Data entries
◆ ◆ ◆ ◆
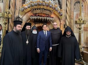 U.S. Secretary of State makes his inaugural visit to Jerusalem’s Church of the Holy Sepulchre, welcomed by Armenian Patriarchate representatives.
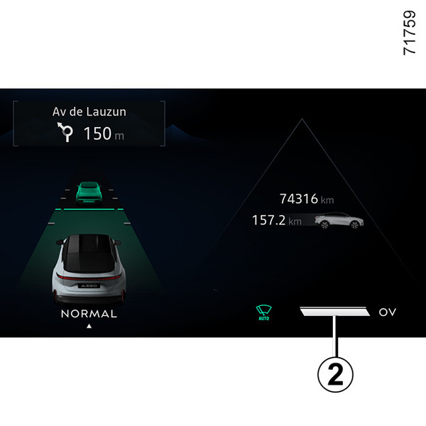 Du kan när som helst kontrollera om funktionen är tillgänglig genom att kolla det återstående intervallet på "OV"-mätaren 2 som visas på instrumentpanelen.
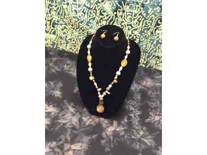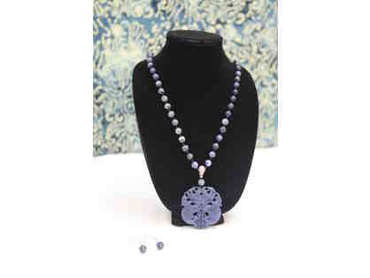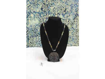 Necklace & Earrings: Jade, Volcanic Beads and Quartz Medallion
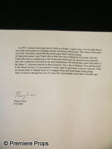 From one of the most beloved film anthologies ever produced, this is a prop Pepsi bottle from the Robert Zemeckis 1989 Sci-fi film 'Back to the Future - Part II.' After traveling to the year 2015, Marty McFly (Michael J. Fox) attempts to dissuade his other self from taking part in a robbery and ventures into a futuristic diner where he orders a Pepsi Perfect, which miraculously pops up from the middle of a table. The bottle is made from hard plastic resin which is colored to resemble the soda, with a non-removable blue plastic lid. The bottle has a small hole drilled into the base, where it would have been fastened to the table for its push to the surface. One of the more memorable props from the film, it comes with a letter of authenticity stating the provenance in receiving the piece. (measures approx. 8 1/2" tall).
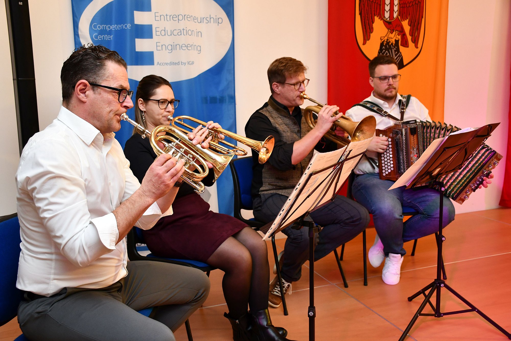Ein vierköpfiges Lehrerensemble umrahmte die Feierstunde musikalisch und Brenner Cobb, Fremdsprachenassistent für Englisch aus den USA, mit zwei Weihnachtsgedichten.
◆ ◆ ◆ ◆
Whatever pictures the records hold, omit them; give again exactly the lines from the one containing "Du kan när som" through the one containing "Necklace & Earrings: Jade, Volcanic".

 Du kan när som helst kontrollera om funktionen är tillgänglig genom att kolla det återstående intervallet på "OV"-mätaren 2 som visas på instrumentpanelen.
 Necklace & Earrings: Jade, Volcanic Beads and Quartz Medallion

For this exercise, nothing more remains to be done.